January slowly shook his head.
"Placide Forstall is Delphine Lalaurie's son-in-law, you see," Rose went on, speaking as if to herself, trying to fit pieces together. Trying to align the woman whose reputation she'd so furiously defended with the one who would so casually and so thoroughly destroy all she, Rose, had worked to create.
"D'Aunoy's her cousin. Jean Blanque was on the board of the Louisiana State Bank; Madame knew everyone there. That's how she influenced them to lend me the money to start the school. It has to be her.
But I don't understand why."
"I'm only guessing," said January. The shadow in the doorway returned to him again, the voice like a golden whip, the silvery rustle of petticoats. The absolute fear in Pauline Blanque's eyes. "And I can't know, not knowing Madame. I'm beginning to wonder if anyone really knows her."

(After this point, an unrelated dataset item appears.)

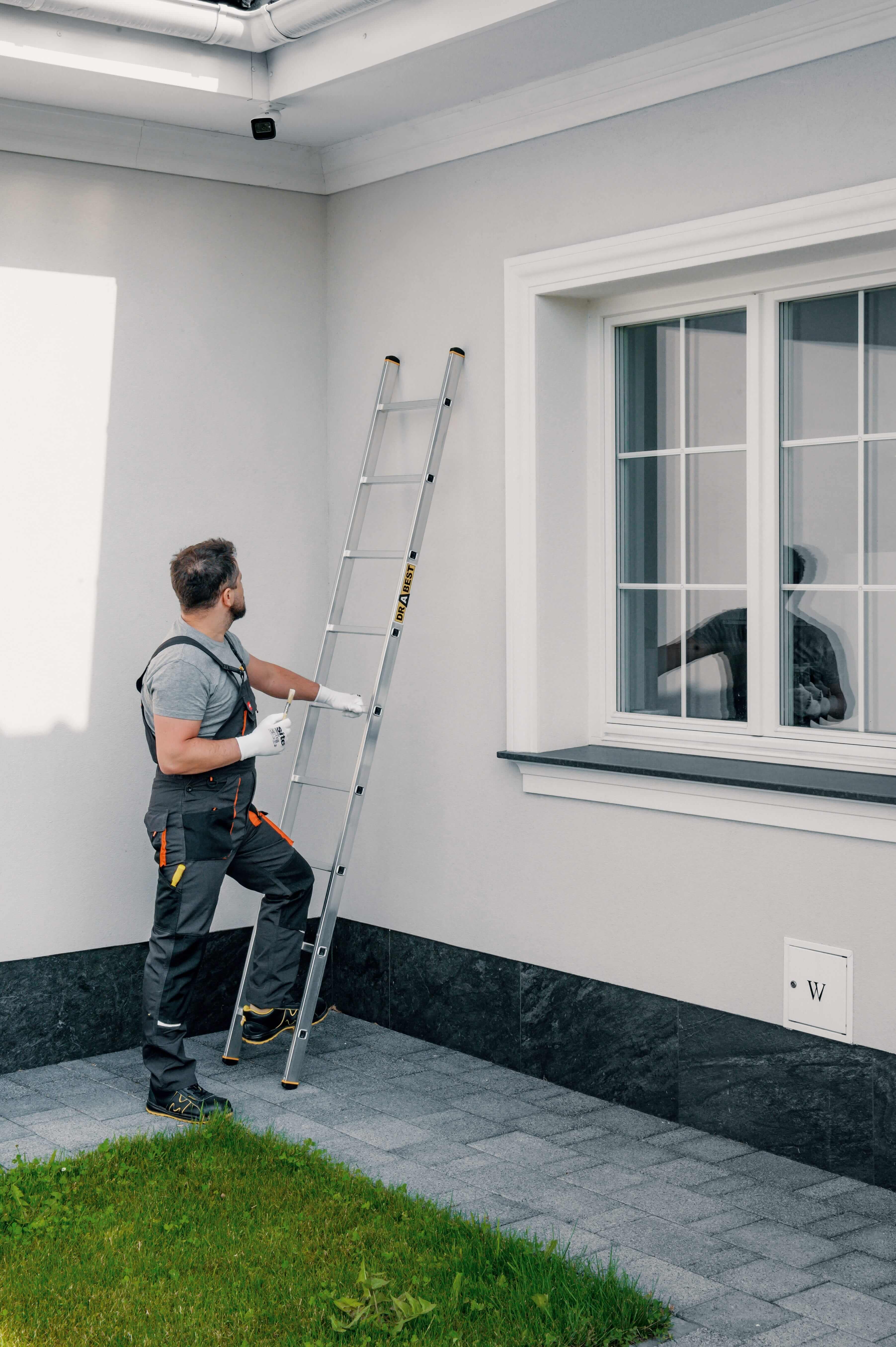 Profesjonalna aluminiowa drabina przystawna, z której korzysta tysiące specjalistów branży technicznej, zajmujących się serwisem urządzeń, remontami czy wykończeniem wnętrz. Parametry drabiny dobrane są tak, by sprawdzić się w pracach na dużych wysokościach.

He frowned, as the woman's face came back to him,the desperate, yearning expression in her beautiful eyes as she sponged the bodies of the dying. "I think now that Cora must have tried to get Gervase to run away with her. And either Madame overheard them, or quite possibly Gervase actually made the attempt to leave, later that night or the following day. I never actually saw Gervase; Madame sent him out of town very soon thereafter. But I'm almost certain she'd see the attempt as betrayal, after all she did, for whatever reasons of her own, to make things easy for Cora. And that she would not forgive."

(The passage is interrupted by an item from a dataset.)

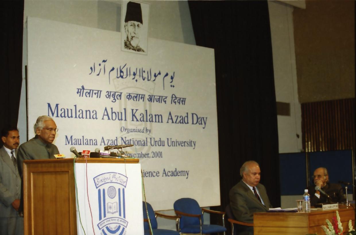 | Caption: | The President of India, Shri K R Narayanan at the 113th Birth Anniversary of Maulana Abul Kalam Azad to be Celebrated by Maulana Azad National Urdu University at Indian National Science Academy, Bahadur Shah Zafar Marg in New Delhi on Nov 11, 2001 |

In the silence, the boom of the surf sounded very loud.
"I can't believe that she'd be that vindictive." Rose's hand sketched a gesture of denial in the air, but turned, folding in on itself with the refusal only half made. Her profile was only a shape of darkness now against the fading light. "To do this to me only for harboring Cora, to you for helping her..."
"I think it made it worse," said January. "She helped you, and you conspired to betray her, too."
"How would she know? I can't imagine her eavesdropping. But, of course, Bastien would have. Or even Dr. Lalaurie. I never liked him." She shivered. "He crept so, and he was always asking if he could do `tests' on the girls. He was the one who invented those postural contraptions I showed you. I never understood how a woman of her-her excellence-could love a man so wormy."
"One thing I've learned," January said with a smile, "love is beyond comprehension. Anyone can love anyone. It's like the cholera."
Rose laughed, spectacles flashing in the reflected lampIiKht. "Very like the cholera," she agreed, and he heard the jest in her voice, and laughed too, at himself, and the ridiculousness of his love.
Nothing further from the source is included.